- _Problem description_
The lines in the listing below are to be given again exactly, starting at the line holding "Purple Alarm mode" and ending at the line holding "F07 ZEUS BROWN". Do not include pictures.

- _Task material_

───

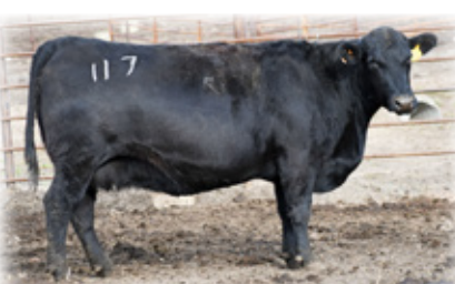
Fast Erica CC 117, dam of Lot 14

───

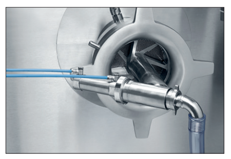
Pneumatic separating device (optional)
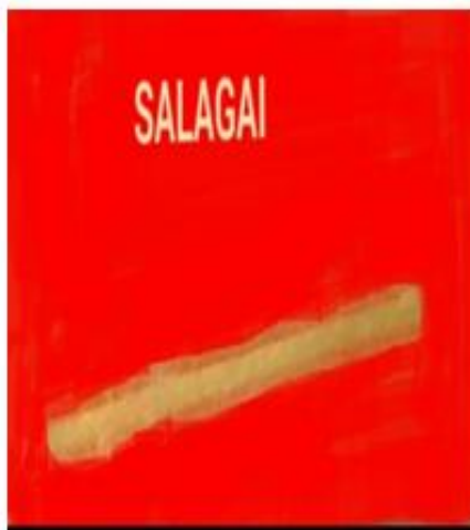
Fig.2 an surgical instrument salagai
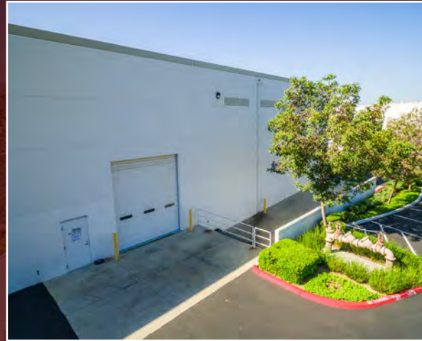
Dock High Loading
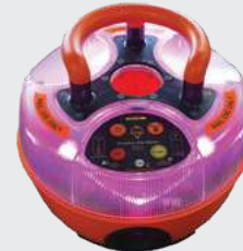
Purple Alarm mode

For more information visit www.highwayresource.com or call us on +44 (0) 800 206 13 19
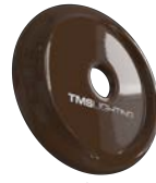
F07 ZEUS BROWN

───

- _Task answer_
Purple Alarm mode

For more information visit www.highwayresource.com or call us on +44 (0) 800 206 13 19
F07 ZEUS BROWN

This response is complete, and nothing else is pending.